In the caso of Schulenberg v. Harriman, 21 Wall. 44, the Supreme Court of the United States was called upon to decide whether, under a similar act of congress, granting lands to the state of Wisconsin to aid in the construction of certain railroads, the title passed in vir*116tue thereof to the state. The act of congress before the court in that case for construction is identical with the act of June 10, 1852, under consideration, except that it granted every alternate section of land designated by odd numbers, instead of every alternate section designated by even numbers for six sections in width on each side of the road; and it is there held that the act was a grant in praesenti, and passed the title to the state to the odd numbered sections to be afterwards located; when the route of the road was fixed, their location became certain, and the title, which was previously imperfect, acquired precision and became attached to the land-It was further held that unless there are other clauses in a statute restraining the operation of words of present grant, they must be taken in their natural sense, to import an immediate transfer of title; although subsequent proceedings may be required to give precision to that title and attach it to specific tracts.

So in case of Railroad v.

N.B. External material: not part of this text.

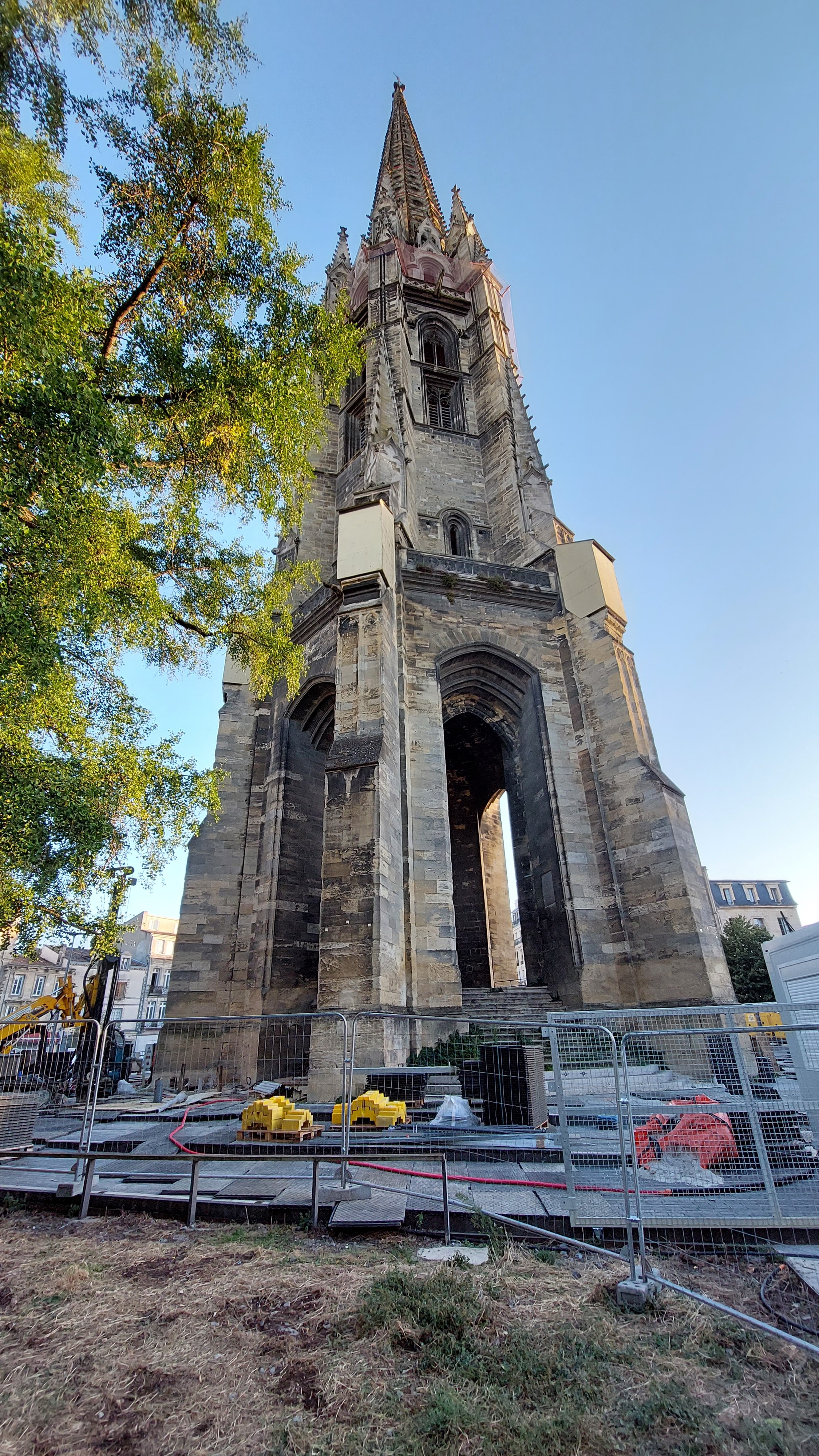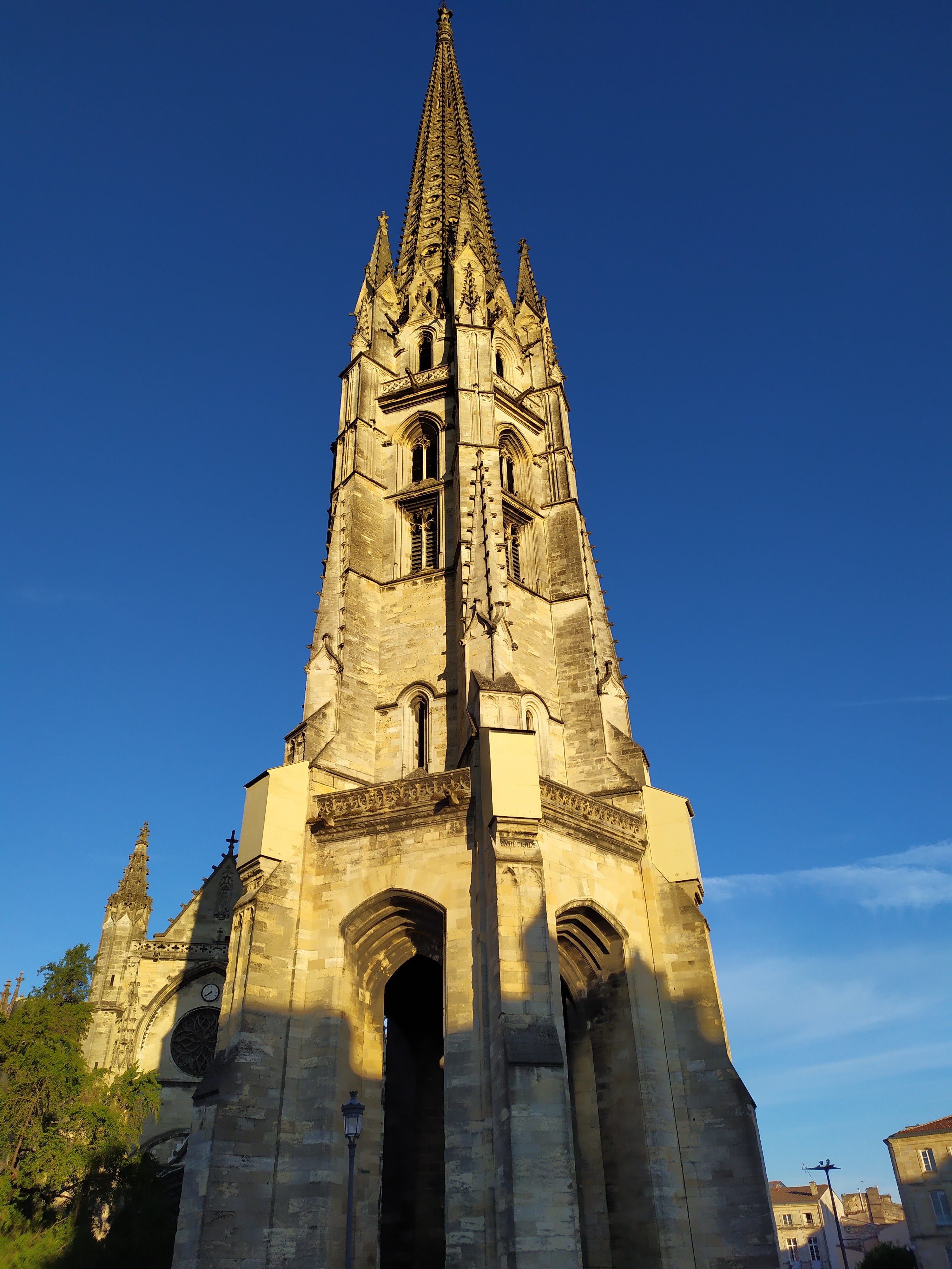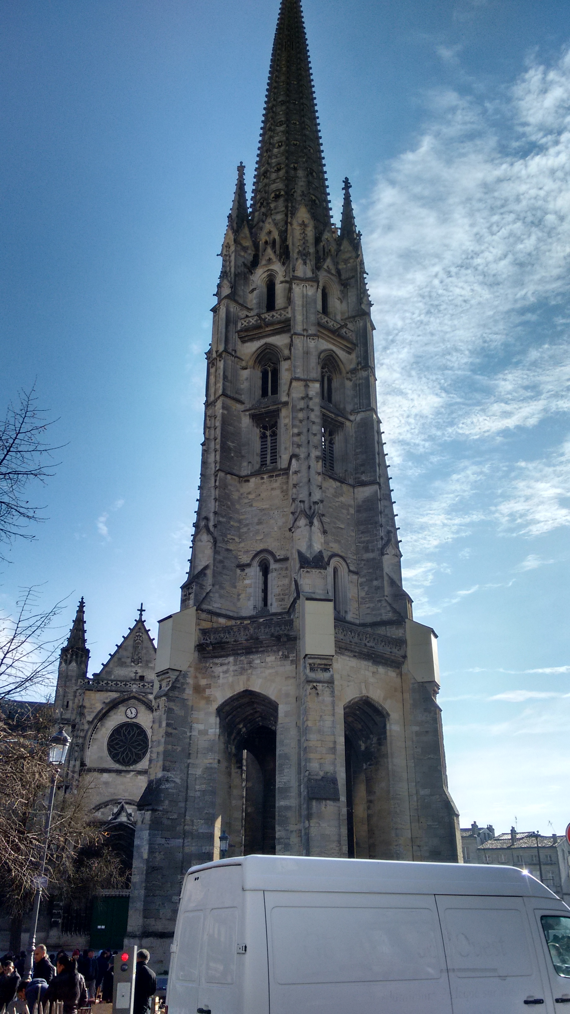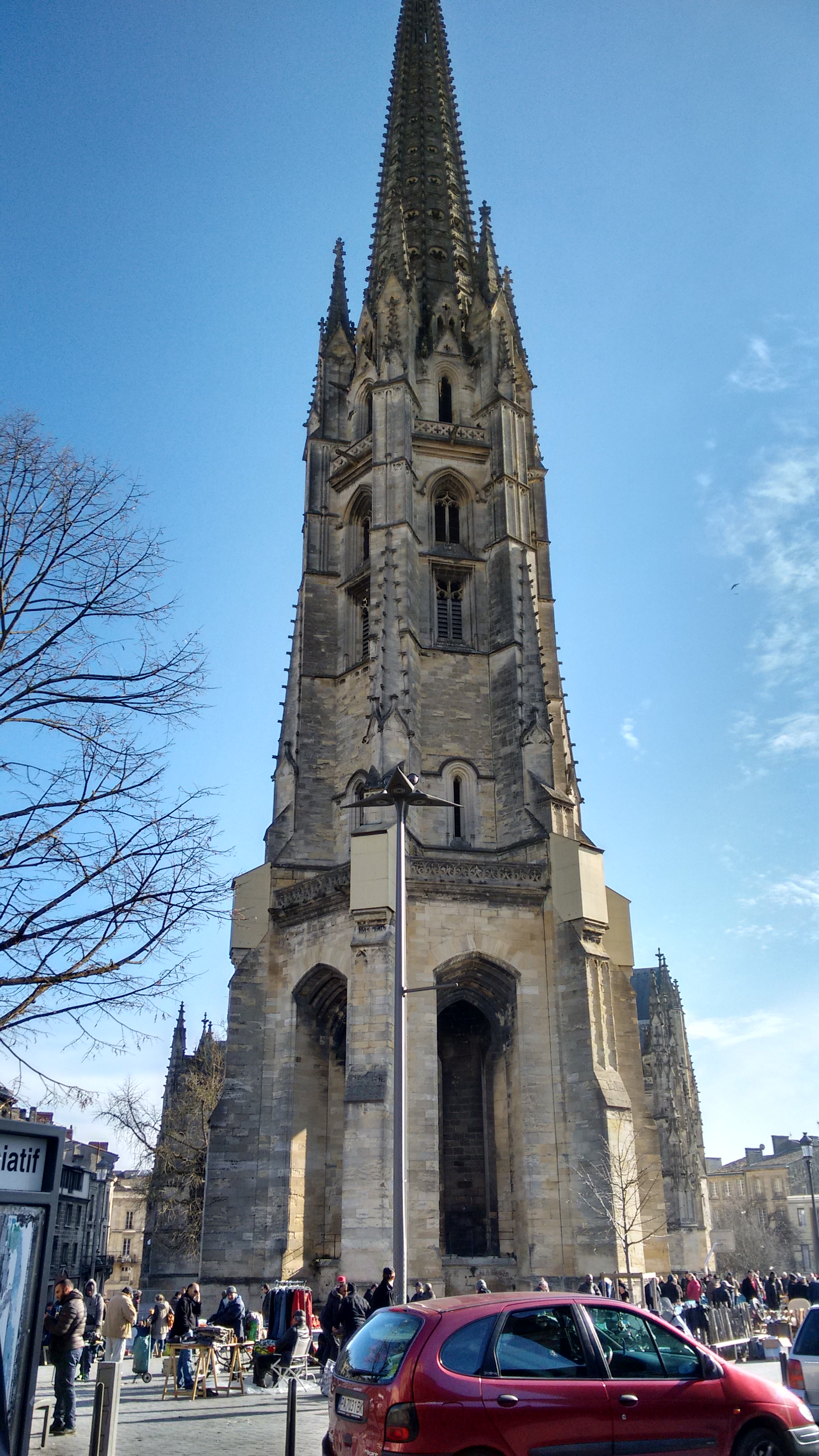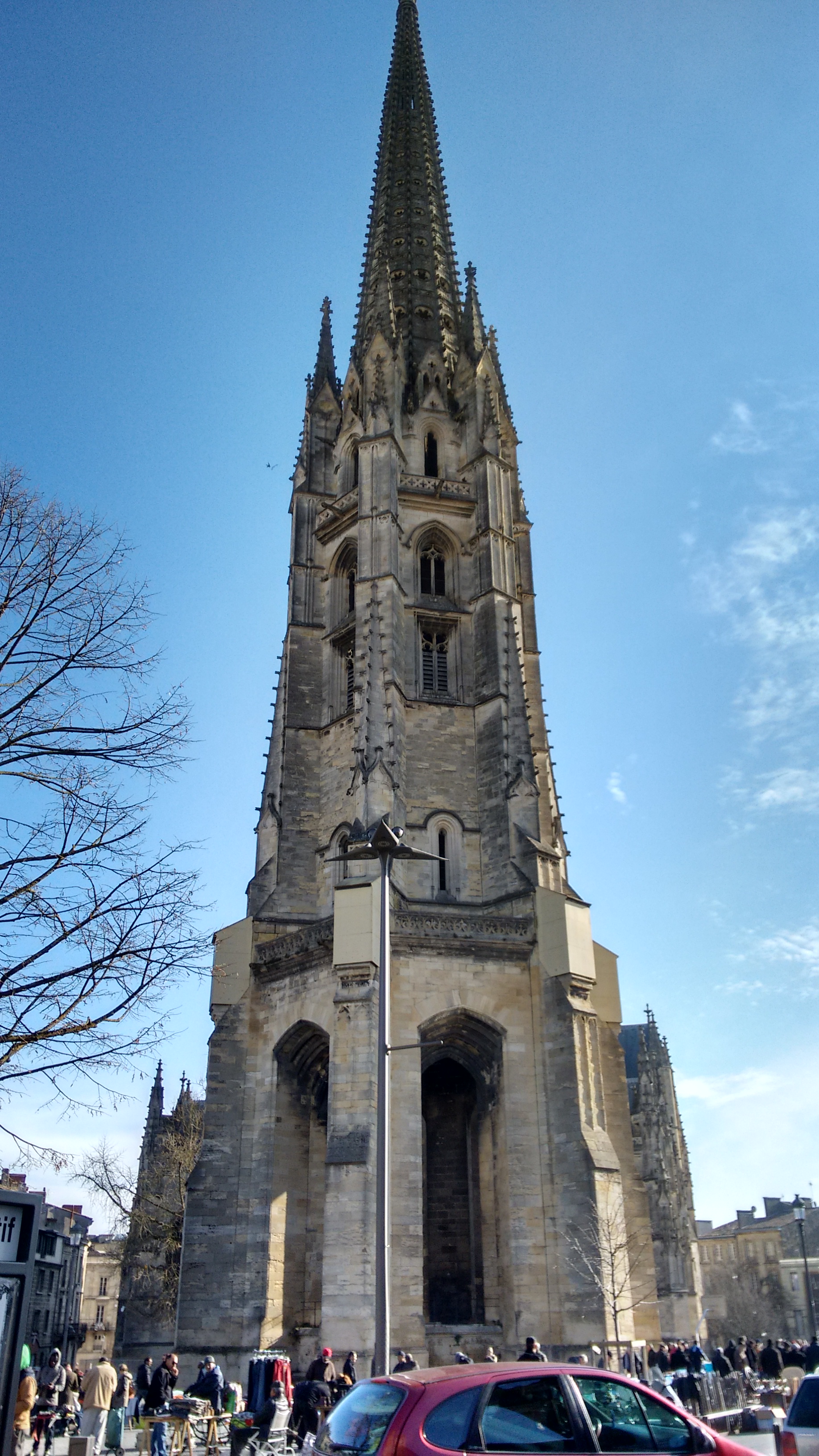 Un des deux clochers de Bordeaux, avec celui de la cathédrale Saint-André, qui ne sont pas solidaires de l'édifice religieux auquel il appartient. Au pied de cette basilique se tient un marché, à thèmes divers, tous les jours sauf le mercredi.

United States, 92 U. S. 733, it is held that when congress enacts “ that there be and is hereby granted,” to a state to aid in the construction of a specified railroad, “ every alternate section of land designated by odd numbers,” within certain limits of each side of the road, the state takes an immediate interest in land so situate, whereto the complete title is- in the United States at the date of the act, although a survey of the land, and a location of the road, are necessary to give precision to the title and attach it to any particular tract. A direct legislative grant is the highest muniment of title, and is not strengthened by a subsequent patent to the same land. Whitney v. Morrow, 112 U. S. 693; see also Lessieur v. Price, 12 How. 59; s. c., 12 Mo. 14.

The construction thus put on such acts of congress by the Supreme Court of the United States is binding upon us, and fully justified the circuit court in trying the case on the theory it did. Notwithstanding it ap*117peared from the tract-book in the local land-office that the land in dispute was posted as having been entered by Findley, in 1839, it did not so' appear at the general land-office, but, on the contrary, it did appear from the records in the latter office that such posting was a mistake made by the local land-officers, and that, in fact, the land had never been entered by him, but that the title thereto was in the United States at the time the act of June 10, 1852, was passed; and for these reasons, we do not think that the land in question was excepted from the operation of the grant. If Findley were claiming 'this land, or if the plaintiffs were claiming through him, the authorities cited by appellant’s counsel might have some bearing.

We are of the opinion that the judgment is for the right party and discovering no reversible error in the record the judgment is affirmed.

All concur, except Judge Sherwood absent.